Asymptotics of k dimensional spherical integrals and applications
Alice Guionnet, Jonathan Husson
TL;DR
This paper establishes that k-dimensional spherical integrals asymptotically behave like products of 1-dimensional integrals, enabling generalizations of large deviations principles for eigenvalues in random matrix theory.
Contribution
It introduces a method to approximate k-dimensional spherical integrals, extending large deviations principles to higher dimensions and more complex matrix models.
Findings
Asymptotic equivalence of k-dimensional and 1-dimensional spherical integrals.
Generalized large deviations principles for eigenvalues of various random matrices.

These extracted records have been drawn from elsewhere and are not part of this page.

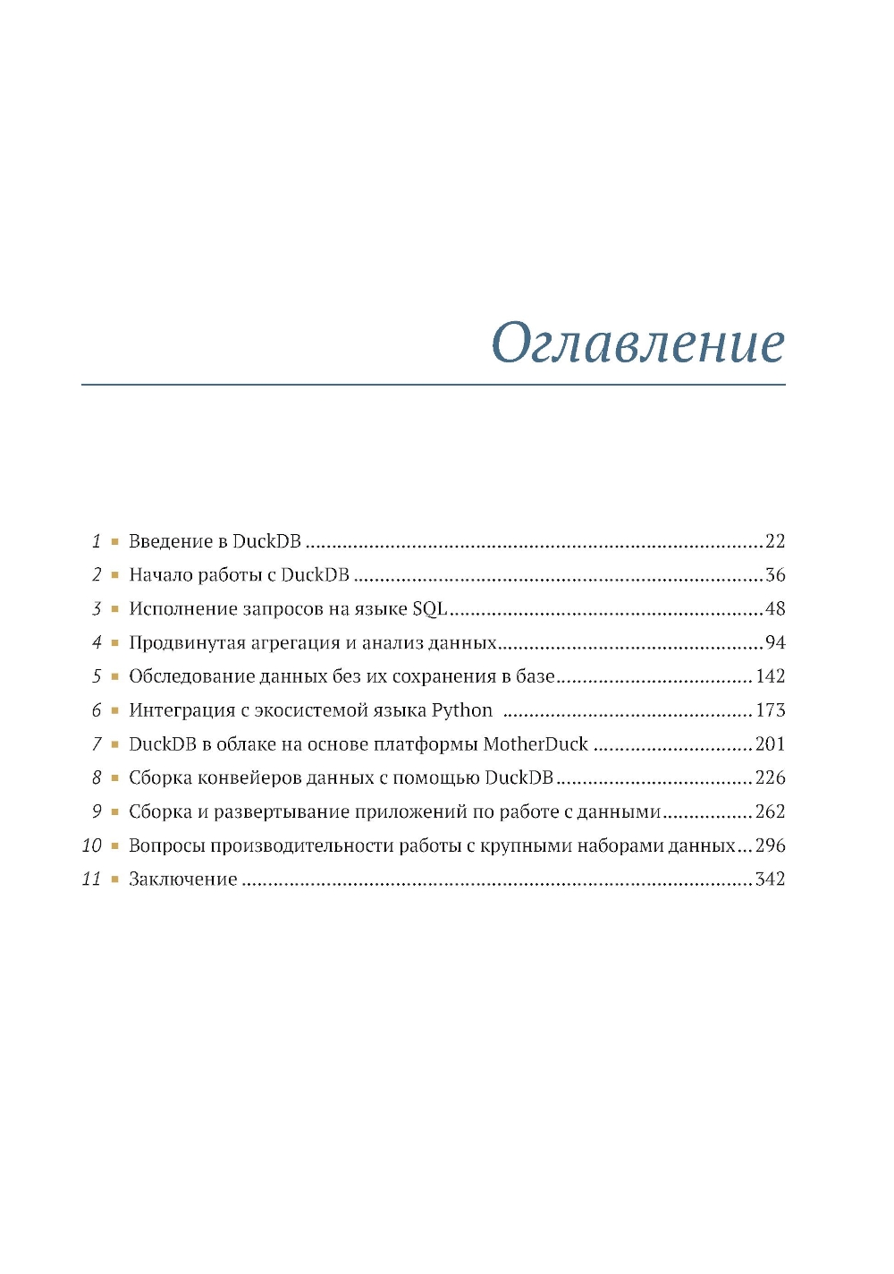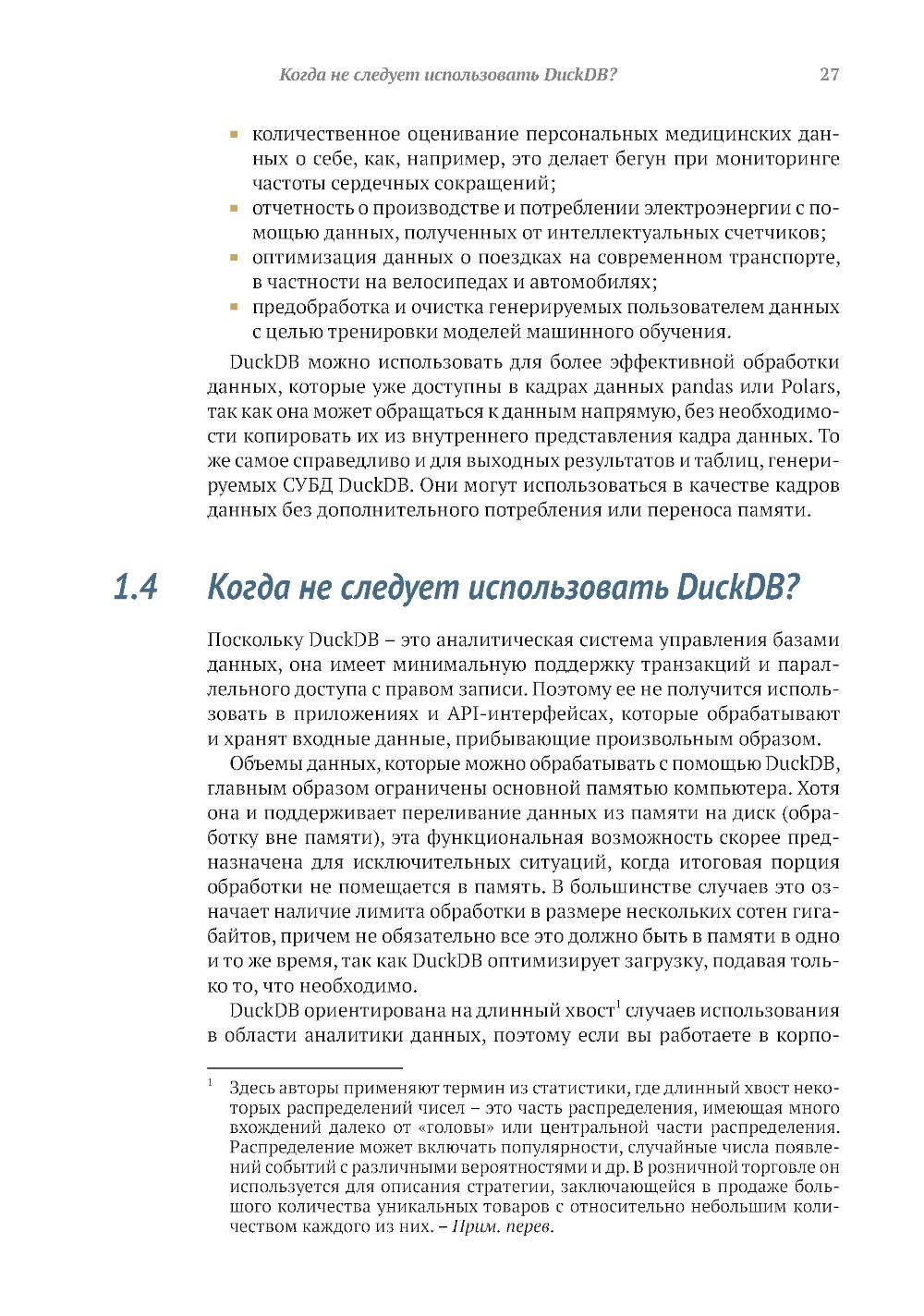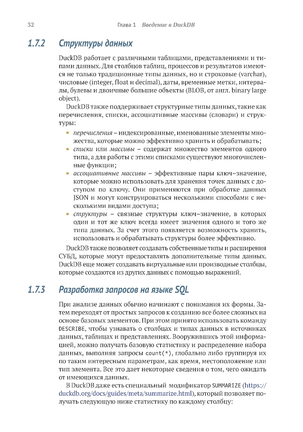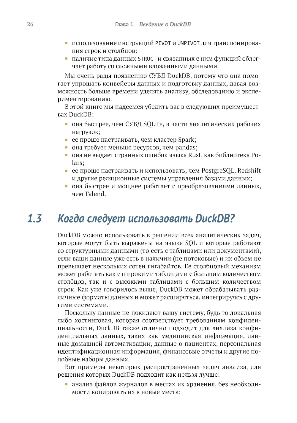Книга рассказывает о приемах эффективной работы со столбцово-ориентированной системой управления базами данных DuckDB, которая легко встраивается в аналитические приложения, работает на ноутбуке и оперирует данными практически из любого источника, включая JSON, CSV, Parquet, SQLite и Postgres. Автор проведет вас по многочисленным примерам, начиная с настройки системы, формирования первого запроса на языке SQL и заканчивая сборкой конвейеров данных и встраиванием DuckDB в качестве локального хранилища данных для веб-приложений. Каждая новая тема сопровождается практическим проектом, благодаря чему вы сможете увидеть работу DuckDB в действии.| Издательство | ДМК Пресс |
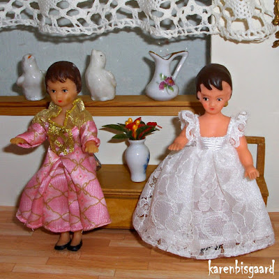 Ari dukkefamilie i My Home dukkehus køkken iført håndsyet nyt tøj.
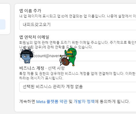 앱 이름, 앱 연락처 이메일, 비즈니스 계정/선택 사항은 알아서 입력하시면 됩니다. 그런 후 앱 만들기를 클릭하세요.

Proved universality results for large deviations of extreme eigenvalues.
Abstract
In this article, we prove that k-dimensional spherical integrals are asymptotically equivalent to the product of 1-dimensional spherical integrals. This allows us to generalize several large deviations principles in random matrix theory known before only in a one-dimensional case. As examples, we study the universality of the large deviations for k extreme eigenvalues of Wigner matrices (resp. Wishart matrices, resp. matrices with general variance profiles) with sharp sub-Gaussian entries, as well as large deviations principles for extreme eigenvalues of Gaussian Wigner and Wishart matrices with a finite dimensional perturbation.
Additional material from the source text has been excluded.